Collection entries ->
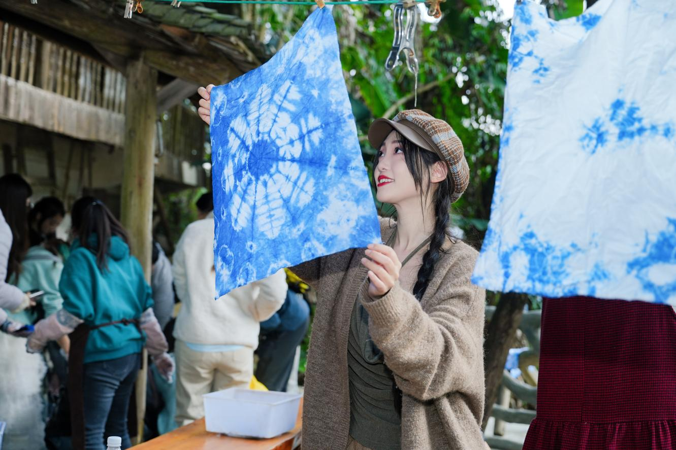 随后,一场生动的布依族扎染手作体验让大家从观察者变为参与者。在非物质文化遗产代表性传承人的指导下,学子们学习了传统纹样绘制,在一方蓝白之间,感受布依族传统技艺的独特魅力与智慧。
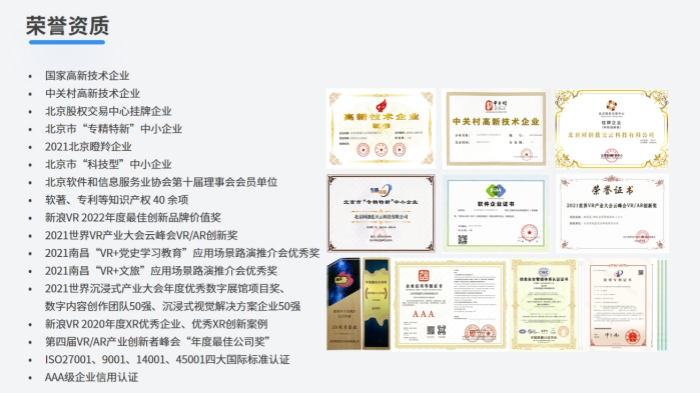 10年发展,酷雷曼累计取得40余项软著专利,荣获世界VR产业大会、新浪VR等20余项VR领域权威奖项。拥有ISO9001等4项ISO国际管理体系认证,通用航空、网络文化、广播电视节目制作等多项行业相关业务经营许可证,累计服务终端客户超过数十万。
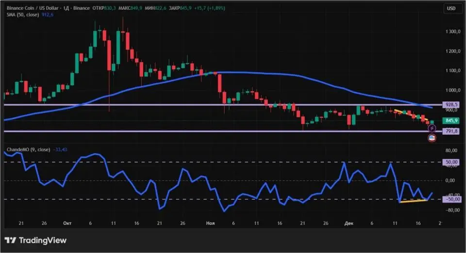 С точки зрения технического анализа, торговля BNB последний месяц проходит в боковике между уровнем поддержки $791,8 и уровнем сопротивления $928,5. Если взглянуть на индикаторы, ситуация тоже неоднозначная. С одной стороны, цена находится ниже 50-дневной скользящей средней (отмечена синим цветом) — это явный медвежий сигнал. С другой, Chande Momentum Oscillator (CMO) с 12 по 18 декабря сформировал бычью дивергенцию (падение стоимости BNB с одновременным ростом индикатора, отмеченное желтыми линиями). А это уже говорит в пользу покупателей. Кроме того, 18 декабря CMO опускался в зону перепроданности (ниже -50), что также бычий сигнал.
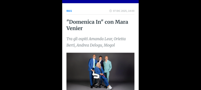 ‘Amanda Lear, cantante, attrice, showgirl e icona internazionale, si confiderà in un’intervista esclusiva con Mara Venier ripercorrendo i momenti più significativi della sua vita artistica e personale; mentre Andrea Delogu, in compagnia del maestro di ballo Nikita Perotti, racconterà il suo percorso a “Ballando con le Stelle”; si parlerà ancora di musica con Orietta Berti, che proporrà il suo ultimo singolo “Chi ama, chiama”; mentre il paroliere e produttore musicale Mogol presenterà il libro autobiografico “Senza paura, la mia vita”, e il cantautore Gianmarco Carroccia sarà protagonista di un medley dedicato a Lucio Battisti; e ancora, l’ex campione di motociclismo Max Biaggi condividerà l’emozione di essere stato uno dei tedofori a Roma per la Fiamma Olimpica dei Giochi Invernali Milano-Cortina 2026’. Questi… sono alcuni dei temi ed i partecipanti di una puntata tra musica, racconti e attualità di “Domenica In” – condotta da Mara Venier, affiancata da Tommaso Cerno, Teo Mammucari ed Enzo Miccio – che è iniziata in onda Domenica 7 dicembre alle 14.00 su Rai1 in diretta dagli Studi Fabrizio Frizzi di Roma.
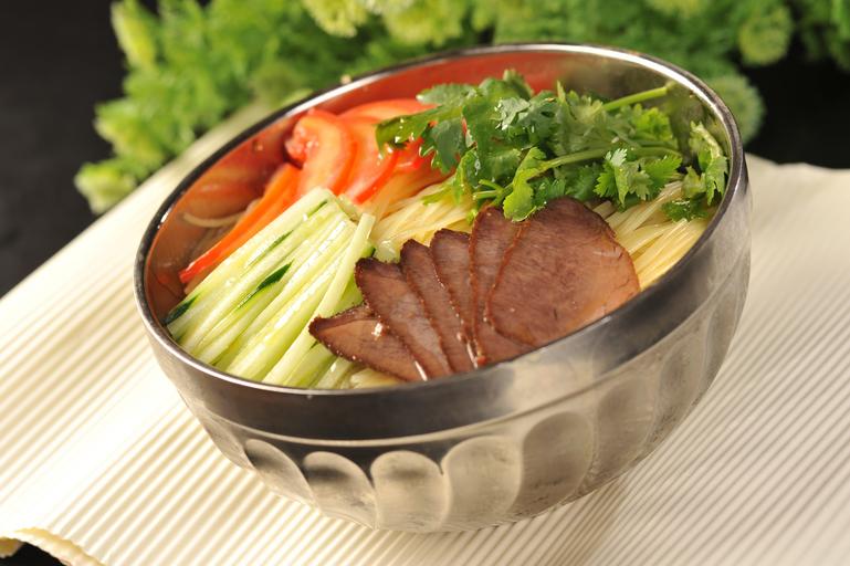 Keywords: korean cold noodles bacon coriander cucumber noodles tomato delicious food asia

WHAT THE TASK ASKS ->
For this answer, return word for word the lines from the first line of the records through the line containing "10年发展,酷雷曼累计取得4". Omit the pictures.

OUTPUT ->
 随后,一场生动的布依族扎染手作体验让大家从观察者变为参与者。在非物质文化遗产代表性传承人的指导下,学子们学习了传统纹样绘制,在一方蓝白之间,感受布依族传统技艺的独特魅力与智慧。
 10年发展,酷雷曼累计取得40余项软著专利,荣获世界VR产业大会、新浪VR等20余项VR领域权威奖项。拥有ISO9001等4项ISO国际管理体系认证,通用航空、网络文化、广播电视节目制作等多项行业相关业务经营许可证,累计服务终端客户超过数十万。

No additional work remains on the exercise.